(RECORDS FOR THE EXERCISE Opens)

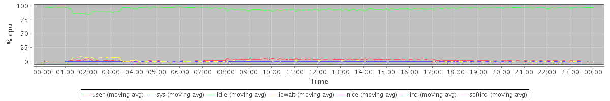 avg(user) = 2.96 avg(sys) = 0.51 avg(idle) = 94.93 avg(iowait) = 1.42 avg(nice) = 0.10 avg(irq) = 0.00 avg(softirq) = 0.07
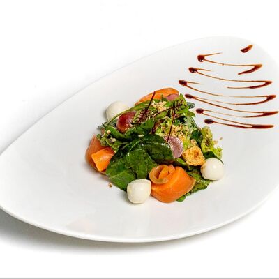 Сыр моцарелла, лосось, креветки (33 см)
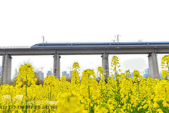 在艷陽(yáng)下的游仙區(qū)石馬鎮(zhèn),一列列動(dòng)車(chē)組從油菜花海旁駛過(guò),穿行在春天里。
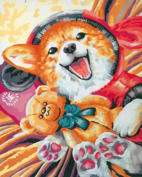 Картина по номерам на холсте 40х50 см «Корги с игрушкой» понравится и детям, и взрослым.
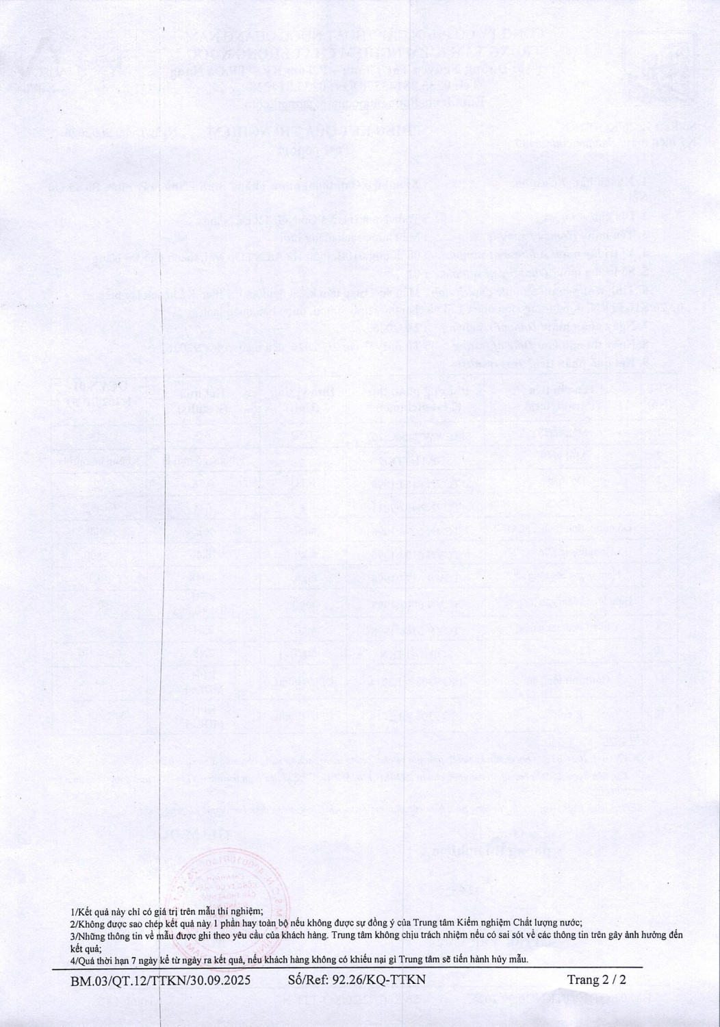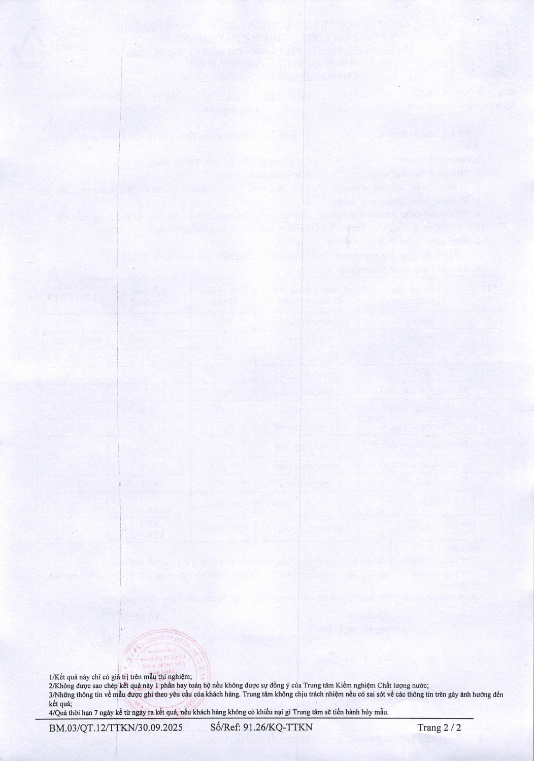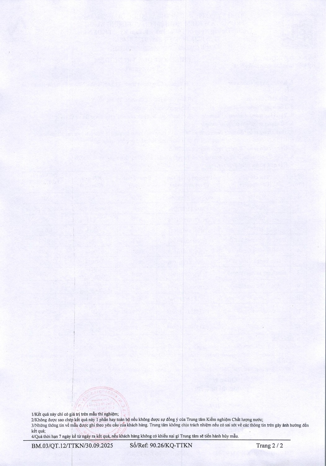 KẾT QUẢ CHẤT LƯỢNG NƯỚC XN CTN THĂNG BÌNH - NMN 3 XÃ GÒ NỔI THÁNG 2 NĂM 2026
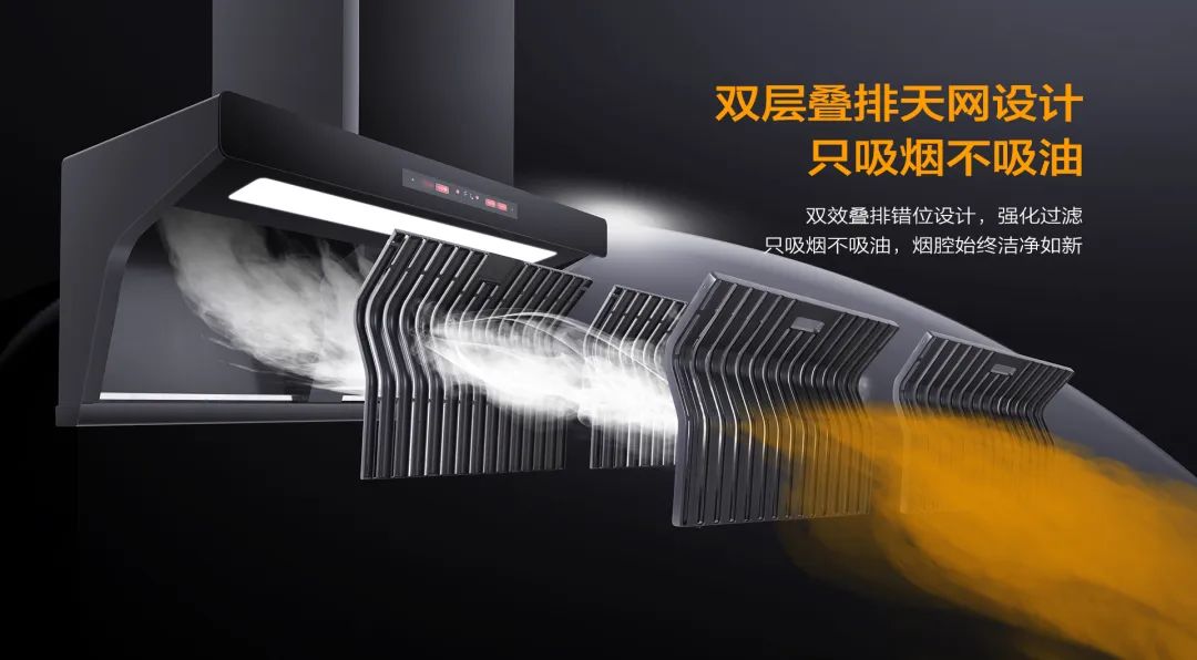 雙效疊排天網搭配6重油煙分離,這樣的煙機才能做到免清洗,更省心!

(RECORDS FOR THE EXERCISE Closes)

ASSIGNMENT
Produce an exact copy of the lines from the line with "在艷陽(yáng)下的游仙區" through the last line of the data above, both ends included. No pictures belong in it.

EXPECTED ANSWER
 在艷陽(yáng)下的游仙區(qū)石馬鎮(zhèn),一列列動(dòng)車(chē)組從油菜花海旁駛過(guò),穿行在春天里。
 Картина по номерам на холсте 40х50 см «Корги с игрушкой» понравится и детям, и взрослым.
 KẾT QUẢ CHẤT LƯỢNG NƯỚC XN CTN THĂNG BÌNH - NMN 3 XÃ GÒ NỔI THÁNG 2 NĂM 2026
 雙效疊排天網搭配6重油煙分離,這樣的煙機才能做到免清洗,更省心!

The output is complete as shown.